Thursday, April 9, 2020

Writing

So, here's what I have written in the past few years:

  • First draft of Love Will Keep Us Together complete, needs significant revisions to plot/character arcs
  • First draft of Crash Into Me (not sure about that title) nearly complete, needs revision
  • First draft of You Can't Hurry Love about 60% done

These are all contemporary romance novels set in the same world - they are tied together by one or more of the main characters having jobs at a music-related theme park. The first is about an analyst in the marketing department who falls in love with a co-worker. I need to add way more obstacles, and I know what they should be (I think?) but it needs pretty major revision.

The second is about a woman who goes to Las Vegas and gets married on a whim, then has to come home and figure out if she and her new spouse even like each other.

The third is about a woman who gets trapped in her house during a hurricane with the guy she dated in college 20 years earlier.

They are all music focused and, hopefully, a bit funny. I also have a ton of other false starts and miscellaneous unfinished projects that, if nothing else, show years of writing and many lessons learned. Most of them are abandoned for good reason. There's one or two that had a spark of a good idea but would have to be rewritten from scratch. And honestly, when I think about that, I'm not sure the ideas were that good.

I've been working on You Can't Hurry Love since last October, and should be way farther along than only having around 36,000 words. But I've had trouble focusing, and now, with the Stay at Home order and the surrounding stress, the very last thing I want to be doing is writing a novel about a woman trapped in her house with her ex. No, thank you!

Thus my return to this blog. I feel like I need to write, but I don't know what, so here we are.

I know I need to go back and revise the first two novels, but I just can't get motivated to get any work done.
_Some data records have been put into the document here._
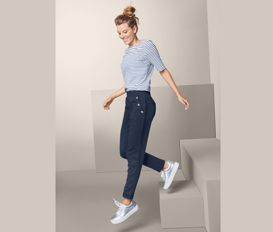 Tyto tepláky v délce po kotníky v nadčasové modré barvě jsou perfektní na volný čas a svým námořnickým vzhledem dodají každému outfitu krásný akcent. Jsou vyrobené z měkké, elastické interlokové pleteniny s biobavlnou, takže jsou za všech okolností příjemné na tělo. Díky obsahu elastanu dobře drží tvar a výborně sedí.
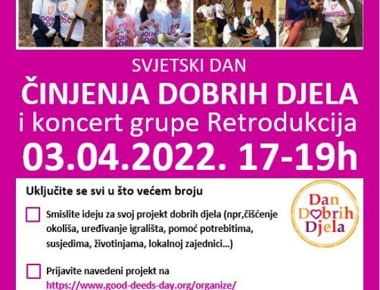Svjetski dan činjenja dobrih djela održat će se po prvi put u Hrvatskoj u nedjelju 3. travnja u organizaciji Udruge Djeca za bolji svijet iz Samobora koja je ovom prilikom organizirala i koncert grupe Retrodukcija na glavnom samoborskom trgu.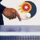Ping Pong Paddle with a design with the flag of Tulsa, Oklahoma. A beige and navy blue flag with a gold Osage shield containing a red circle and a beige six-pointed star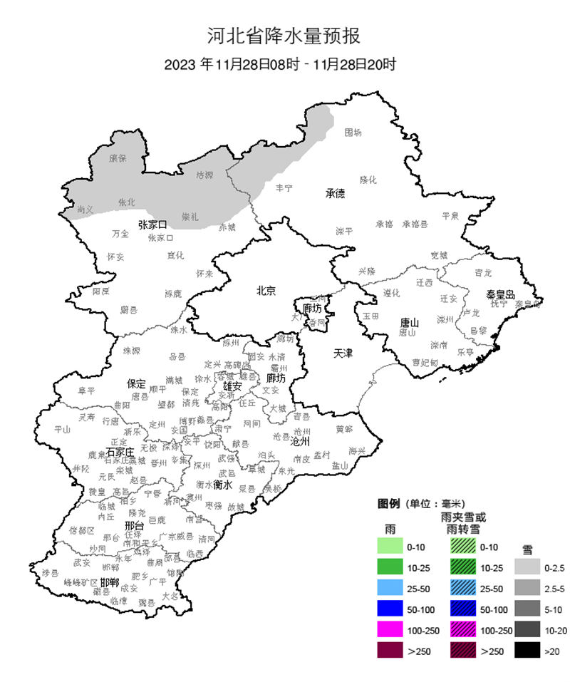 河北省气象台2023年11月27日11时继续发布大风蓝色预警信号:受冷空气影响,预计今天下午到夜间,张家口、承德和保定、石家庄、邢台、邯郸四个地区的西部有西北风4到6级,阵风7到8级;今天夜间,沿岸海域和沿海地区有西北风5到6级,阵风7到8级。请防范!

I don't know if it's because of pandemic anxiety or depression or what. If I do say so myself, they are worth working on. I really have learned things over the past few years, and while my novels might not be potential Pulitzer winners, they are definitely worth my time. And I kind of miss my characters.
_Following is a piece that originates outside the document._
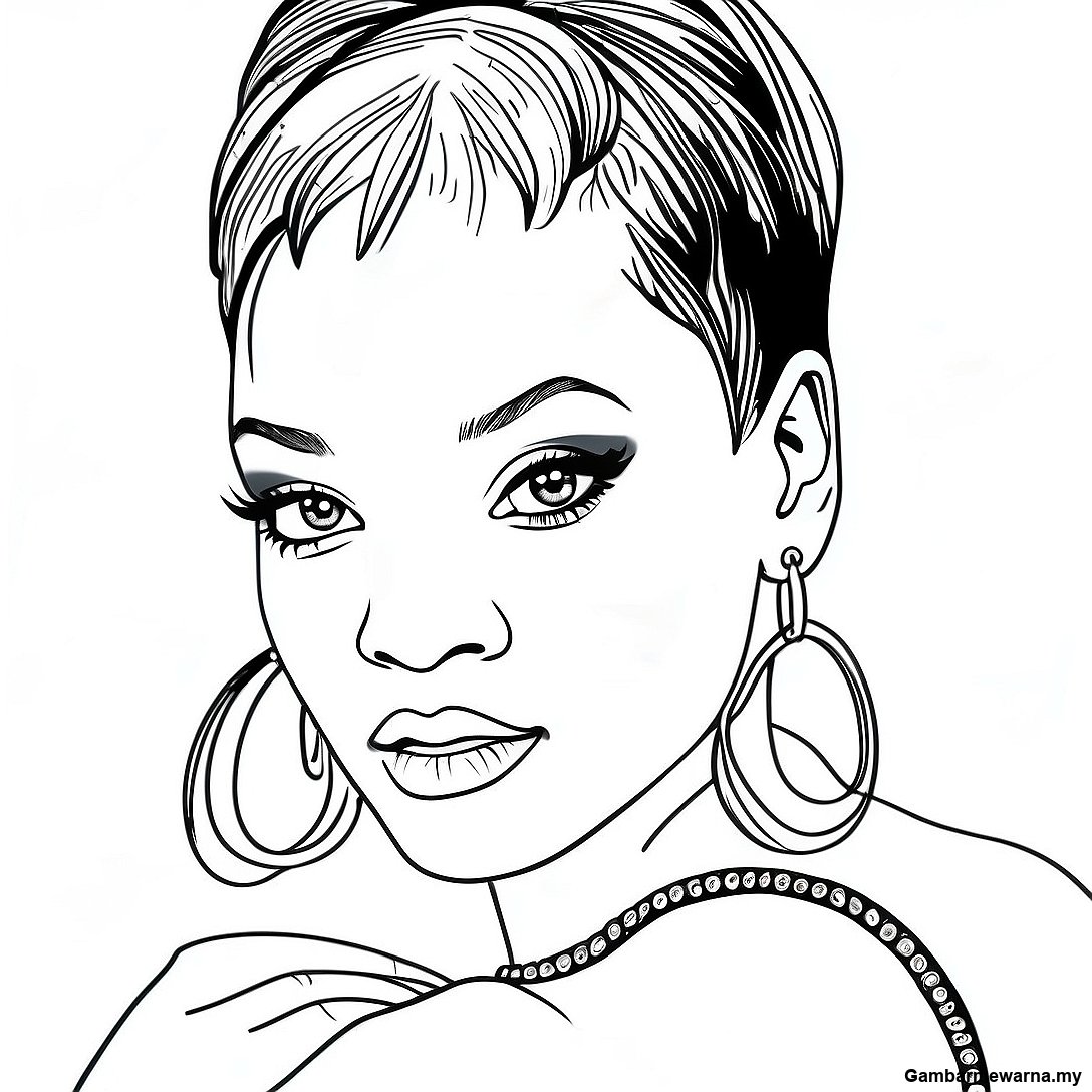 Muat turun PDF Boleh Cetak Halaman Mewarna Rihanna

I've also had an idea I'm excited about working on, however I'm having trouble figuring out how it would work. I'm thinking about two characters who work together and waste time in the office by secretly writing fan fiction, using their co-workers as characters. Of course they get caught at some point, and emotions ensue. I weirdly love this idea, even though 1) at least initially it does sound very similar to Attachments by Rainbow Rowell, and 2) I have no idea what kind of fan fiction they could be writing that would not involve massive copyright infringements, and 3) I don't even know where the romance would come in, exactly. Are the two coworkers just friends, or is one of them the love interest? 

The fact that I still love the idea despite these potentially insurmountable problems makes me think I need to spend a little time trying to work it out.  It could just be shiny new thing syndrome, where I'm resisting doing real work on real projects in favor of daydreaming about a project that probably won't even work.

In the meantime, if you haven't, go read Attachments - I love me some Rainbow Rowell, and it's one of her more fun books. Perfect pandemic escapism.